Getting even basic prompts that are designed to do one or two things to work reliably requires so much testing and iteration that I'm inherently pretty skeptical that "here are 10 community-contributed MCPs—choose the right one for the task" will have any hope of working reliably. Of course the benefits if it would work are very clear, so I'm keeping a close watch on it. Evals seem like a key piece of the puzzle, though you still might end up in combinatorial explosion territory by trying to test all the potential interactions with multiple MCPs. I could also see it getting very expensive to test this way.


I actually came across Plandex the other day. I haven't had the chance to play around with it yet, but it looked really cool.

But agree that even basic prompts can be a struggle. You often need to name the tool in the prompt to get things to work reliably, but that's an awful user experience. Tool call descriptions play a pretty vital role, but most MCP servers are severely lacking in this regard.

I hope this a result of everything being so new and the tooling and models will evolve to solve these issues over time.


Yeah, I'm still wondering if MCP will be the solution that sticks in the long run.

It has momentum and clearly a lot of folks are working on these shortcomings, so I could certainly see it becoming the de facto standard. But the issues we're talking about are pretty major ones that might need a more fundamental reimagining to address. Although it could also theoretically all be resolved by the models improving sufficiently, so who knows.

Also, cool to hear that you came across Plandex. Lmk what you think if you try it out!


Yes I agree with you. What are the major shortcomings that you can think of right now (especially the ones that we have not solved)?
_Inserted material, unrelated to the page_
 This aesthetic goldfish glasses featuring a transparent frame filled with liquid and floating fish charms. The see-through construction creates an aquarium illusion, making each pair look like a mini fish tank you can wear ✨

I think the two biggest issues are probably:

1. Giving the model too many choices. If you have a lot of options (like a bunch of MCP servers) what you often see in practice is that it's like a dice roll which option is chosen, even if the best choice is pretty obvious to a human. This is even tough when you just have a single branch in the prompt where the model has to choose path A or B. It's hard to get it to choose intelligently vs. randomly.

2. Global scope. The prompts related to each MCP all get mixed together in the system prompt, along with the prompting for the tool that's integrating them. They can easily be modifying each other's behavior in unpredictable ways.
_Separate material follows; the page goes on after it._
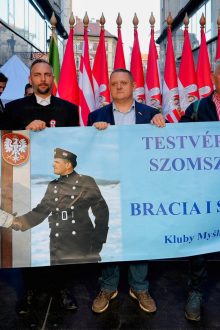 W Budapeszcie spotkaliśmy się z znanymi od lat naszymi Przyjaciółmi z Ruchu Naszej Ojczyzny (Mi Hazánk Mozgalom) oraz ich młodzieżówką Mi Hazánk Ifjai. Z węgierskimi suwerenistami podzielamy praktycznie wszystkie poglądy na czele z oceną sytuacji na Ukrainie i rolą jaką spełnia przywódca tego państwa Wołodymyr Zełenski. Wiele godzin spędziliśmy naszym serdecznym przyjacielem Balázsem Szabó z Ogólnokrajowego Samorządu Polski na Węgrzech (Országos Lengyel Önkormányzat). Obecni byli również przedstawiciele Ruchu Narodowego, Młodzieży Wszechpolskiej i Polskiego Komitetu Słowiańskiego. Udało się również wymienić poglądami z posłem i wiceprezesem Mi Hazánk Mozgalom Dávid Dócsisem i wiceszefem węgierskiego parlamentu Dórą Dúró jak i większością liderów tego ruchu. Na największym jak do tej pory wiecu Mi Hazánk Mozgalom towarzyszyły nam transparenty „Klub Myśli Polskiej” oraz „Testvérek és szomszédok – bracia i sąsiedzi – Kluby Myśli Polskiej”. Zwłaszcza ten drugi wzbudzał zainteresowanie, bo był zilustrowany barwnym zdjęciem z 1939 roku z granicy polsko-węgierskiej na Przełęczy Użockiej. Towarzyszył nam również sztandar Stowarzyszenia Spadkobierców Polskich Kombatantów II Wojny Światowej.

Makes sense. Both are hard problems I agree.


Even with proper tool call descriptions, I've had quite a few occasions where the LLM didn't know how to use the tool.

The tools provided by the MCP server were definitely in context and there were only two or three servers with a small amount of tools enabled.
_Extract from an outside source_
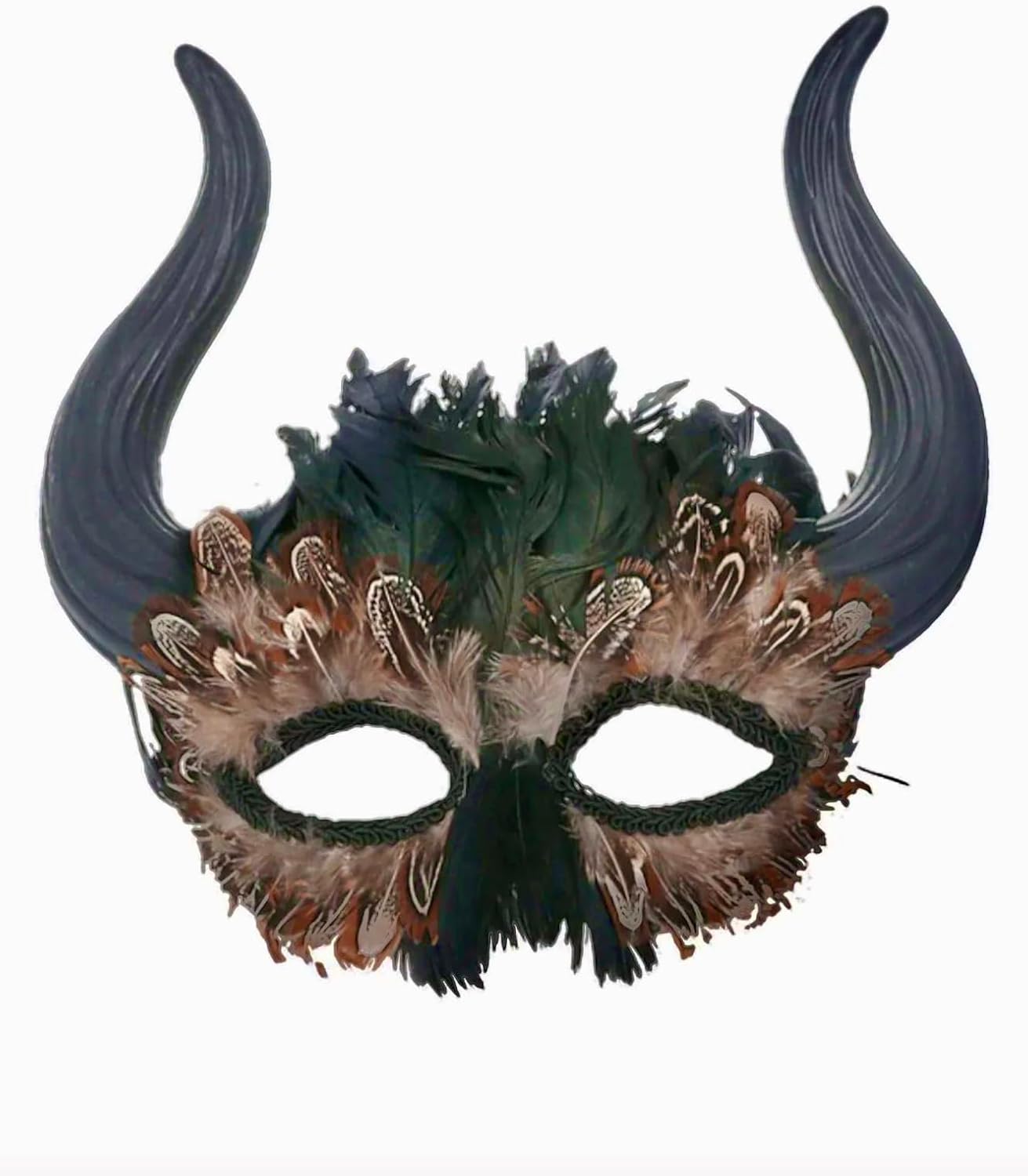 Minotauro mezza maschera con corni di toro e piume. Minotauro/Minotauro/Minotauro è un essere misto della mitologia greca che possiede un corpo umano e una testa di toro. L'accessorio perfetto per costumi di Halloween o spettacoli teatrali. Per il fissaggio alla testa servono elastici. Il fatto che la bocca rimanga libera con questa maschera, mangiare, parlare, bere non è affatto un problema. Colori: Nero/Marrone Dimensioni: 26 x 23 x 7 cm. Materiale: Maschera: 100% plastica, decorazione: piume (contiene parti non tessili di origine animale)

It feels too model dependant at the moment, this was Gemini 2.5 Pro which is normally state of the art but has lots of quirks for tool use it seems.

Agreed on hoping models are going to be trained to be better at using MCP.


Right, my workflow to get even a basic prompt working consistently rarely involves fewer than like 10 cycles of [run it 10 times -> update the prompt extensively to knock out problems in the first step]

And then every time I try to add something new to the prompt, all the prompting for previously existing behavior often needs to be updated as well to account for the new stuff, even if it's in a totally separate 'branch' of the prompt flow/logic.

I'd anticipate that each individual MCP I wanted to add would require a similar process to ensure reliability.


This is pretty cool. You should also attempt to scan resources if possible. Similar to the tool injection attack Invariant Labs discovered, I achieved the same result via resource injection [1].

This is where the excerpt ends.